The other day Mick Farren pointed out that across the pond in Britain they're in something of a tizzy after realizing twenty two years after the fact that -- brace yourself -- some episodes of Dr. Who involve social commentary. Shocking, isn't it? Specifically, it's the "revelation" that the Seventh Doctor's adventure "The Happiness Patrol" (1988) was a criticism of the retrograde politics of Margret Thatcher that has the Brit's knickers in a twist.

Can you spot the vicious egoist?

The episode's impact was undoubtedly blunted by the fact that Sylvester McCoy ranks down with Colin Baker as one of the least popular Doctors of all time. But it did make Den of Geek's list of "Ten Under-rated Classic Doctor Who Stories" last year, where it was described as "...a great mix of anarchic Troughton-style Who and heavily Eighties-style, political comedy/thriller."

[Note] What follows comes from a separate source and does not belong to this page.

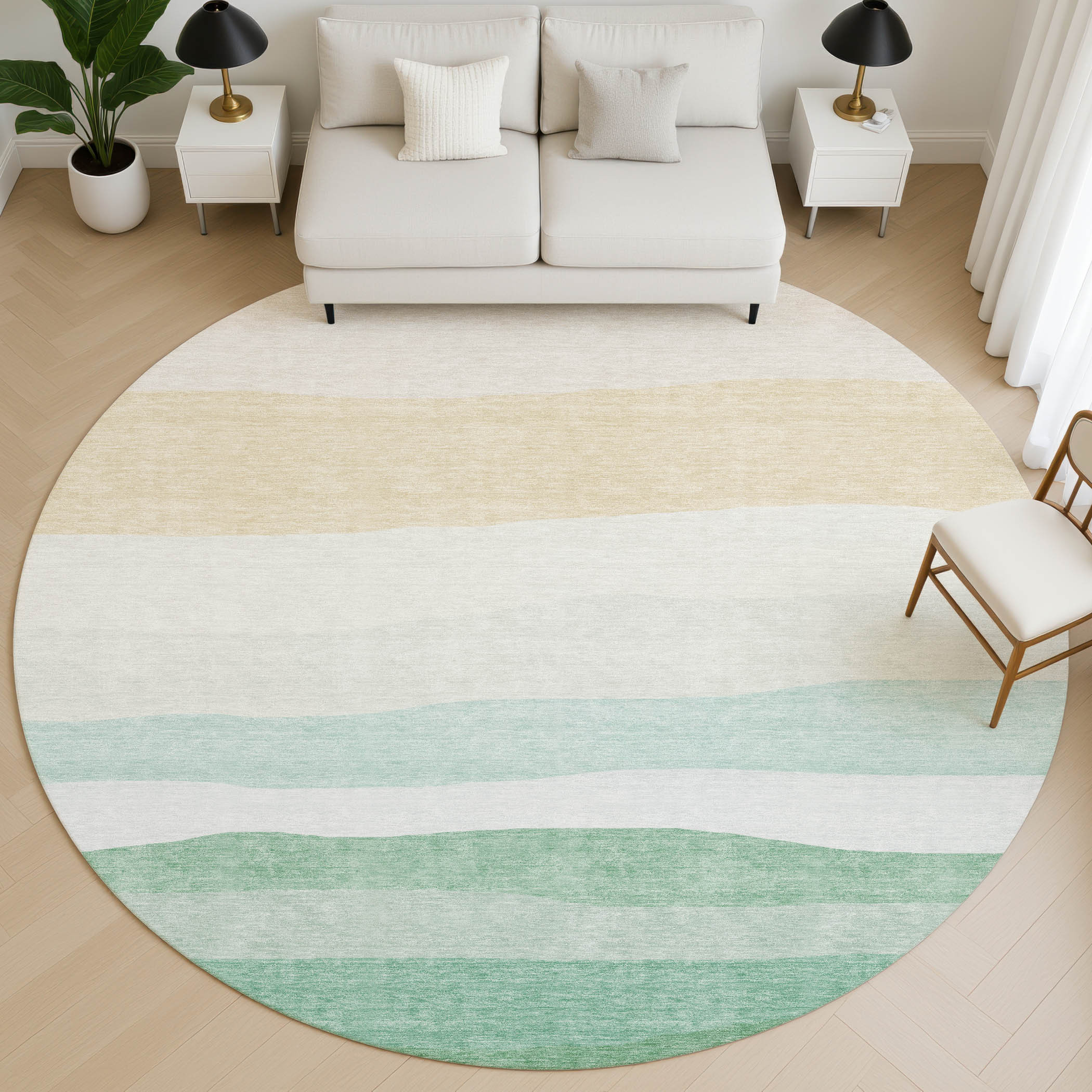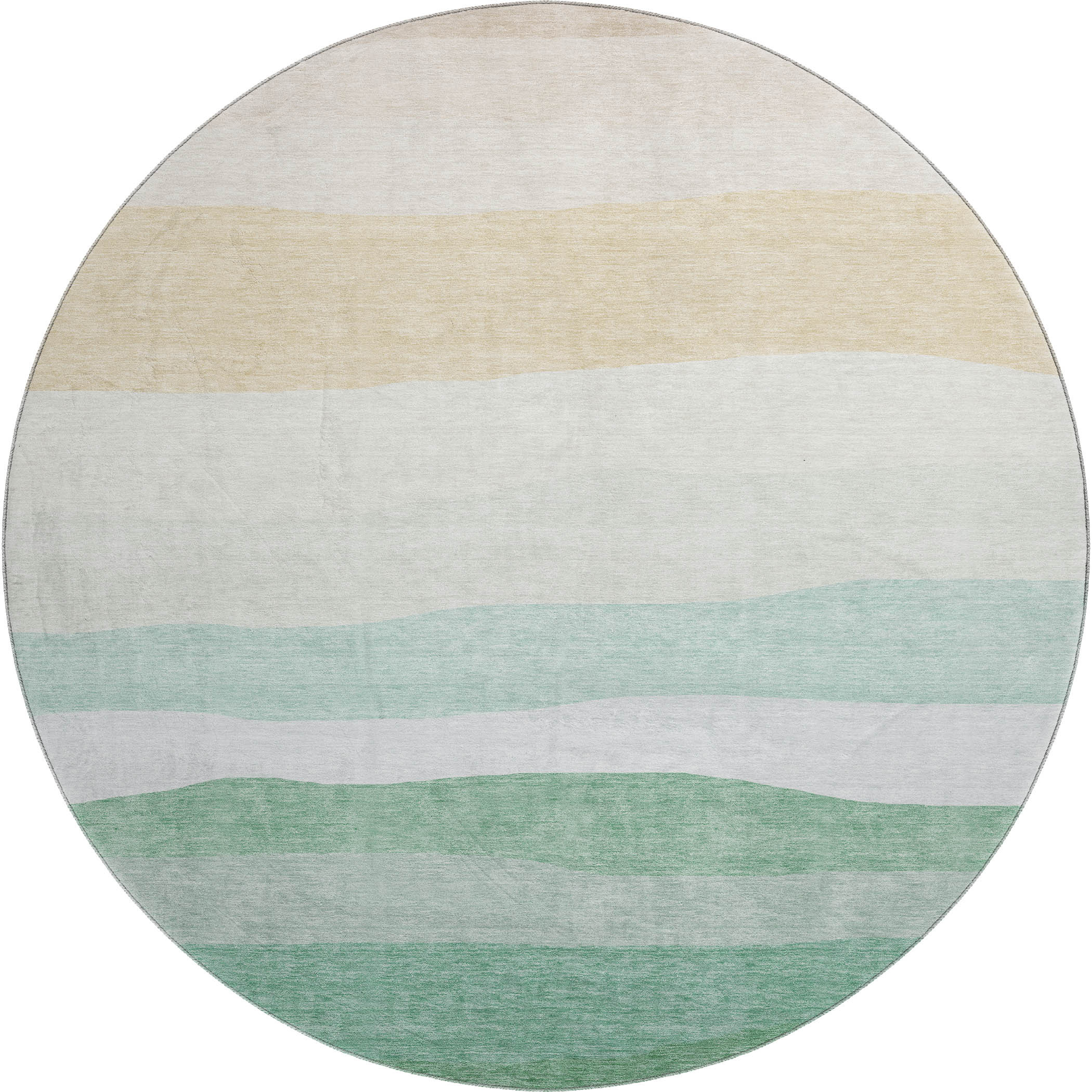 Set an inviting tone in your space with this 8-foot teal and green striped washable round rug with uv protection. Ideal for spaces with kids and pets, this rug is stain resistant to help repel dirt and spilled liquids. Built to last, this rug crafted from polyester fibers is known for its durability and long lasting appeal. Rugs are a great way to showcase your style, hide imperfections, warm your home and reduce noise. This larger sized, transitional styled rug is ready to create a focal point or statement piece in your room. 96.00-inch h x 96.00-inch w x 0.39-inch d.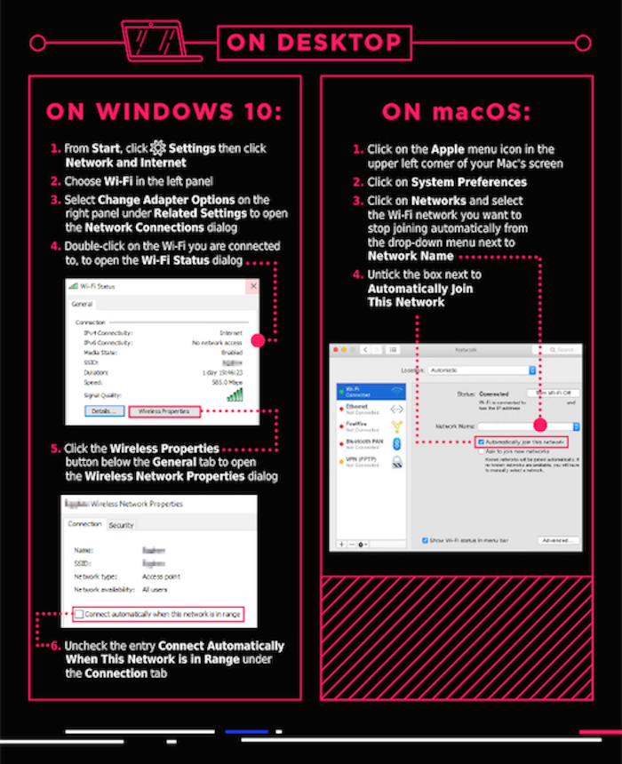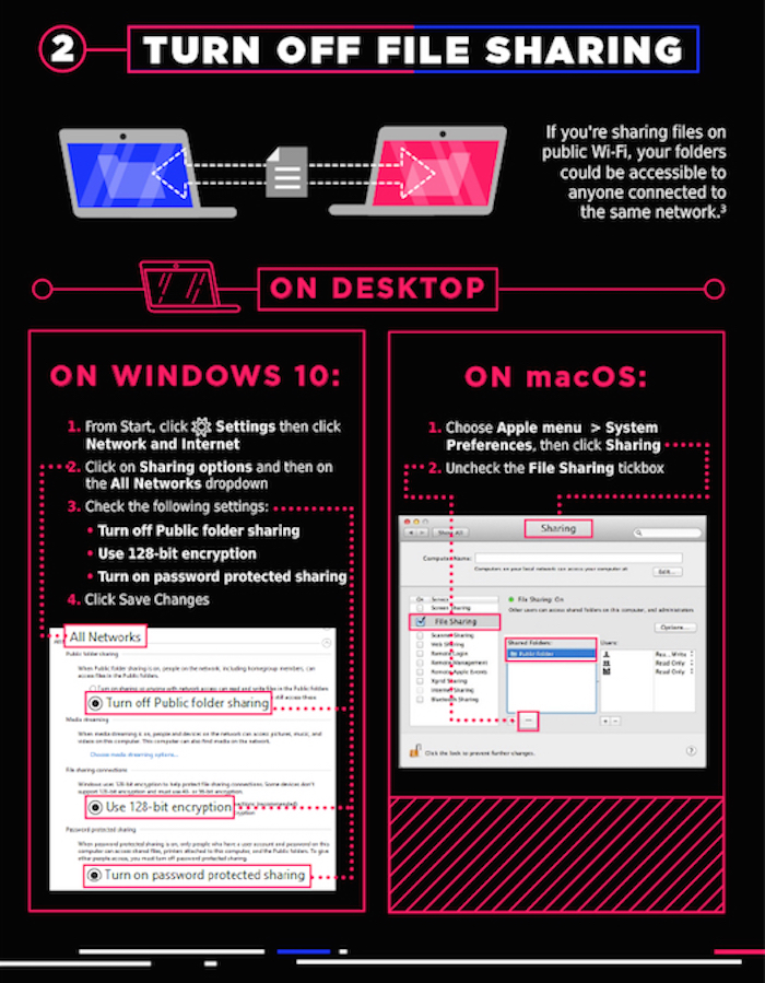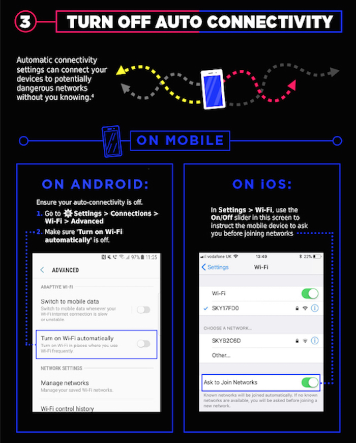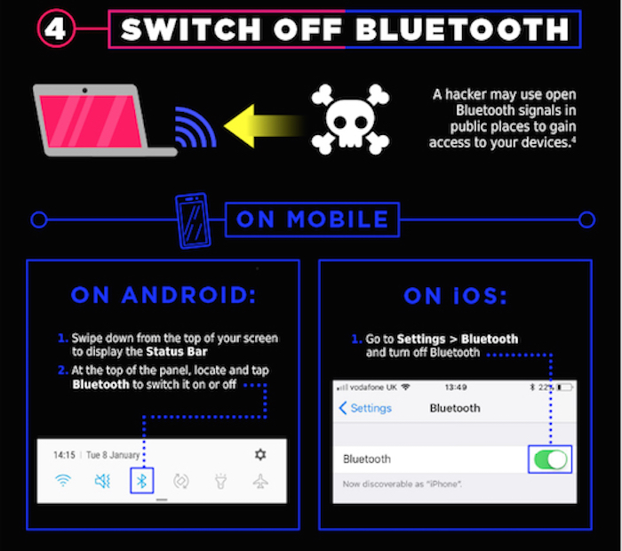 Las siguientes infografías sintetizan algunas de las propuestas a considerar para blindar tu smartphone, tableta o PC ante las redes públicas. Tener una actitud vigilante, abandonar la configuración predeterminada por la personalizada, despedirte transitoriamente del bluetooth o apagar el intercambio de archivos son algunas de las claves fundamentales.

What makes this such a bizarre controversy is that at that same time the BBC was airing another show called Yes, Minister (1980-1988), which was consciously intended to discredit democracy and advance a right-wing ideology. So apparently in Britain right-wing propaganda passes without comment, but left-wing allegories are scandalous decades after the fact. No wonder the BNP is winning elections.